* [Data extract]

###

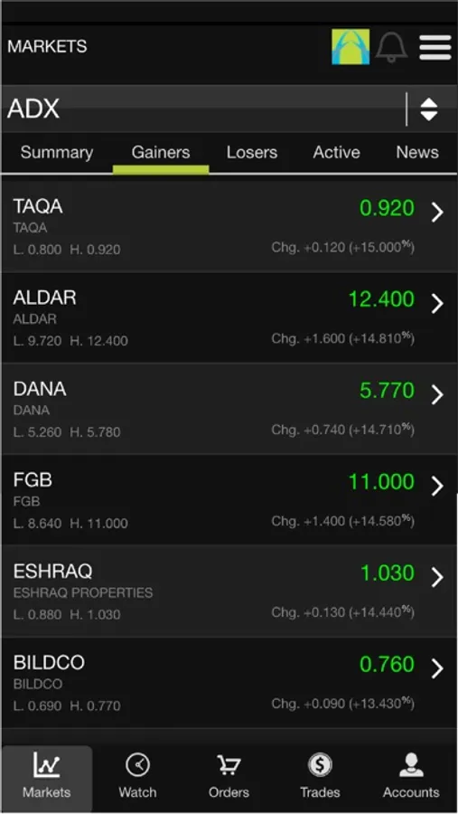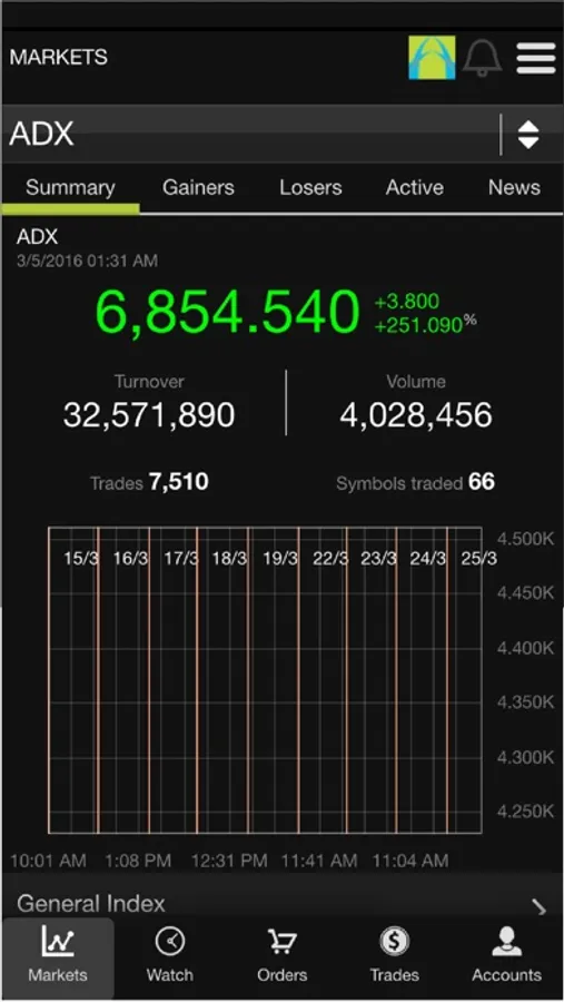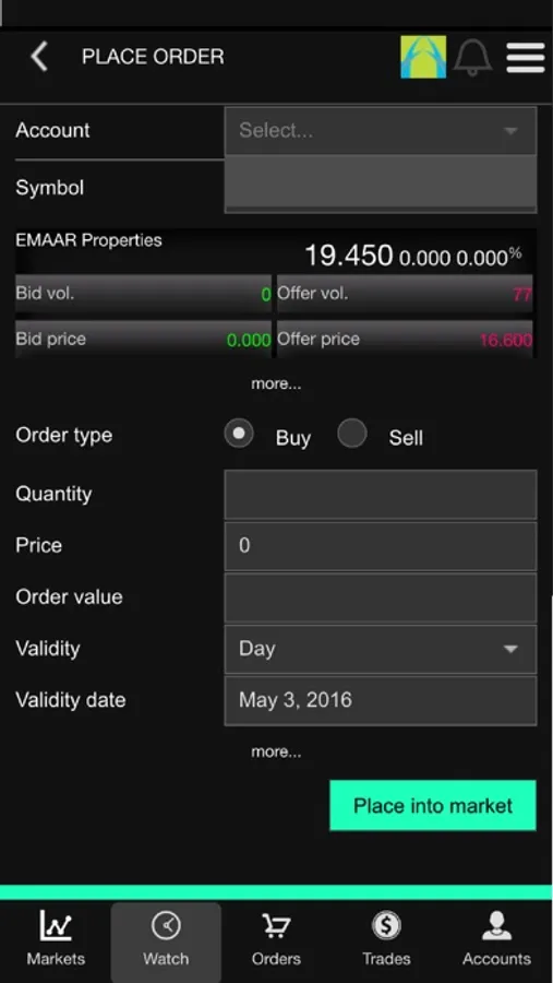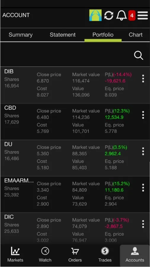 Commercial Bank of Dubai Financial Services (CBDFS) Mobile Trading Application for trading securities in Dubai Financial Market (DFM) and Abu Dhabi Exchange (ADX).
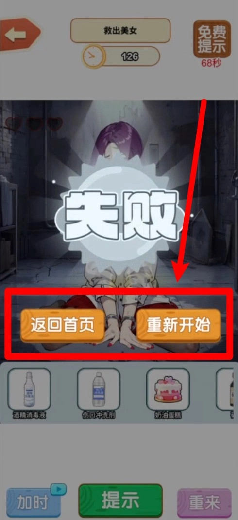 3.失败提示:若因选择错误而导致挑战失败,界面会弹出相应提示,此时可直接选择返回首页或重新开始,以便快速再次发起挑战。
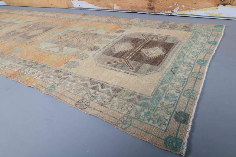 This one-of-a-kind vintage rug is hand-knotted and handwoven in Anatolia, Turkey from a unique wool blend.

###

* [What you have to do] In your output, include only the lines from the line containing "3.失败提示:若因选择错误而" through the last line of the material above, exactly as they appear, and leave out the pictures.

* [Exercise output]
 3.失败提示:若因选择错误而导致挑战失败,界面会弹出相应提示,此时可直接选择返回首页或重新开始,以便快速再次发起挑战。
 This one-of-a-kind vintage rug is hand-knotted and handwoven in Anatolia, Turkey from a unique wool blend.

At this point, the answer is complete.